With a jolt, Max opened his eyes. It was still dark and he sighed, hoping it was morning with the possibility of a warm sun. He rubbed his face briskly, trying to restore some feeling, and then pulled the blanket over his head, breathing quickly to fill the space with warmth.
He was only thirteen, thin and pale-skinned. He hadn’t washed in weeks; it was just too cold, but thankfully he had eaten enough to keep going. There was a Chinese restaurant that backed onto the alley and every night their trash was filled with left over food, and scraps.
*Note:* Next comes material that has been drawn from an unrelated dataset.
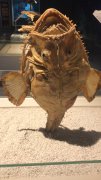 發(fā)光的“釣竿” 在黑暗的深海中生活著一種奇特的魚,它們面目猙獰,頭大而扁,口大如盆,皮膚粗糙,形似鬼怪,俗稱結(jié)巴魚、哈蟆魚、海哈蟆、琵琶魚等。學(xué)名鮟鱇,由于身體笨重,只能用像手臂一樣的胸鰭貼著海底緩慢爬行 作為一條只魚,情何以堪…… 雖然生活的“暗無天日”,但是它們從不為生計(jì)發(fā)愁,因?yàn)樗鼈儌€(gè)個(gè)是釣魚能手。 大胃王——鮟鱇的下顎和胃有很好的

As long as he ate from the days refuse it was fine, but anything older would make him puke for hours, as he found out. When the sun touched the alley that metal bin became an oven, and it stunk like nothing he’d ever smelt. All in all, the alley was secluded and relatively safe; not like the park or under the overpass. There, people got drunk and fought incessantly, stealing from one another and worse. It was dangerous.
He drew his legs up a little further trying to produce a little extra warmth and closed his eyes again, praying for sleep without dreams. Exhausted, it didn’t take long, but memories were hard to abate.
He was about five, sitting on his bed playing with a small band of plastic soldiers. In the background his father was bellowing, the sounds of his voice like a tornado. Max tried not to listen, to pretend it wasn’t happening, but as the screaming match rose to a crescendo he close his eyes tightly and covered his ears. The turmoil within him was like a knife in his stomach. It hurt like nothing else.
There was silence, and Max opened his eyes and saw through the window his father’s car reversing out the drive, its tyres screeching. The car turned and sped down the road; a cloud of white smoke trailing. That was the last time Max ever saw his Dad.
After half the night of reliving the darkness in his life, Max finally slept, deeply and with a welcomed oblivion; he was lost, yet found.
About 10am, the first shards of light entered the alley and the warmth of the sun touched the old packing box in which Max slept. The warmth was welcomed and Max stirred, feeling its comfort imbue his tiny frame. He rolled onto his back and eased the blanket from over his head. With eyes squinted, trying to deal with morning light, Max sat up and yawned.
Between the flaps of the box, he noticed there was someone standing outside. He flinched and drew back. The upper flap slowly opened and a woman peered into the box.
‘Good morning young man,’ she said.
Max looked into her eyes but said nothing. She wore some kind of uniform, like a soldier or something.
‘Are you hungry?’ she asked, with a kind voice.
Max felt a little bit more at ease and nodded. The woman extended her hand into the box. It was very clean and her nails were perfectly cut and pink. Hesitantly Max extended his hand, fragile and filthy as it was, his nails black with dirt.
When her hand took his, it was the warmest hand he’d ever felt. That hand alone could have kept him warm all night. He slowly climbed from the box and stood up, looking at her kind brown eyes. She continued to hold his hand, and Max could feel she wasn’t going to let go. And for the first time, he didn’t want to let go.